Существенное изменение в жизни Натана и Виктора Цукерманов, но кардиологическое отделение больницы Бискейн в Майами — это не Центр космических исследований Годдарда, что ясно любому, кто там побывал.
Доктор Цукерман официально скончался на следующее утро, но именно теперь он произнес последние слова. Слово. Едва слышное, но выговорил он его со всей тщательностью.
— Ублюдок, — сказал он.
Кого он имел в виду? Линдона Джонсона? Губерта Хамфри? Ричарда Никсона? Того, кто не счел нужным снабдить Его собственную Вселенную крохотной недостающей деталью, одним вшивым атомом водорода на каждые десять кубических футов? Или даровать доктору Цукерману, боровшемуся за справедливость со школьной скамьи, здоровую старость и жизнь подлиннее? Но когда он произнес свое последнее слово, он смотрел не на папки с письмами и не вверх, в лицо невидимого Господа, а в глаза своего сына-отступника.

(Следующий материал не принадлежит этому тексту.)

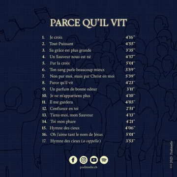 L’album « Parce qu’il vit » nous permet de découvrir plusieurs chants anglophones récents traduits avec beaucoup de soin : « Je crois » et « Hymne des Cieux » de Phil Wickham, « Il me gardera », « Tiens-moi, mon Sauveur » et « Je ne m’appartiens plus » de Getty Music et divers auteurs associés dont Skye Peterson. S’y ajoute aussi « Sa grâce est plus grande » de Matt Botswell et Matt Papa. Psalmodie reprend aussi une composition originale de Foksason « Un parfum de bonne odeur » et deux chants d’Écriture « Un Sauveur nous est né » et « Par la croix ». Dans tous les titres une constante ; des paroles ancrées dans les Écritures qui rappellent le message de mort et la résurrection de Jésus-Christ, les promesses de Dieu et distillent des encouragements pour la marche chrétienne.
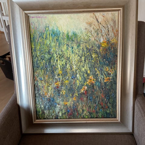 Signert maleri med gatemotiv som viser bygård, trær, biler og mennesker i en urban høstscene. Fargene domineres av grønne, gule og brune toner. Bildet er innrammet i en profilert brun treramme. Kunstnerens signatur og årstall er synlig nederst i bildet. Passer som veggdekor i stue, gang eller kontor. Malt av Svein Rasmussen 2005. 45x55
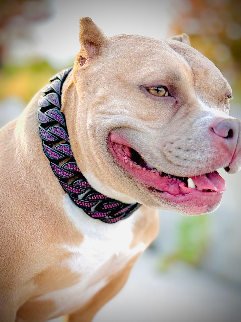 Introducing the NEW Black and Fuchsia Pink collar – a bold, luxury statement piece featuring deep pink stones set in sleek black, cut to shine bright from every angle.
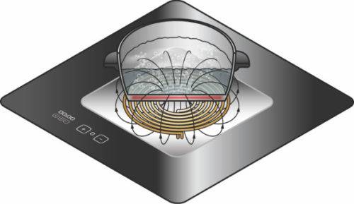 Индукционные плиты разогревают металлическую посуду индуцированными вихревыми токами, создаваемыми высокочастотным магнитным полем порядка 20-100 кГц. Именно дно посуды становится нагревательным элементом; для такой плиты нужны будут кастрюли и сковородки с ферромагнитным (стальным, чугунным, из нержавеющей стали) первым снизу слоем в дне.
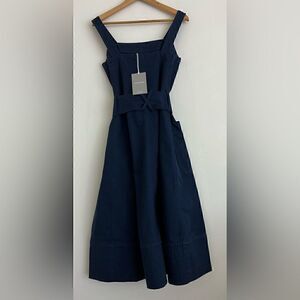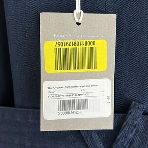 NWT Everlane The Organic Cotton Herringbone Dress in Navy Size XS

Похороны прошли напряженно. Во-первых, было жарко. Над кладбищем Майами солнце явило Цукерману свое присутствие так отчетливо, как никогда не являл его сам Яхве; если бы они все обращались к солнцу, не исключено, что он бы участвовал в похоронных церемониях своего народа не только из уважения к чувствам матери. Обоим сыновьям пришлось поддерживать ее с того момента, как они вышли из кондиционированного лимузина и пошли по дорожке между рядами вращающихся разбрызгивателей к месту захоронения. Доктор Цукерман купил два участка рядом, для себя и для жены, шесть лет назад, в ту же неделю, когда он купил им кондоминиум в поселке для пожилых в Харбор-Бич. Около могилы ноги у нее подкосились, но поскольку за время болезни мужа она исхудала и весила килограммов пятьдесят, Генри и Натан без труда удерживали ее, пока гроб не опустили в землю и они смогли укрыться от жары. Цукерман слышал, как за его спиной Эсси сказала мистеру Метцу: «Все эти слова, все проповеди, все цитаты, да что ни говори, все равно, конец — это конец». Перед этим, выходя из лимузина, она повернулась к Цукерману поделиться своими соображениями о поездке человека в катафалке. «Вот тебя везут, а пейзажа ты так и не увидишь». Да, Эсси и он — они оба могли сказать что угодно.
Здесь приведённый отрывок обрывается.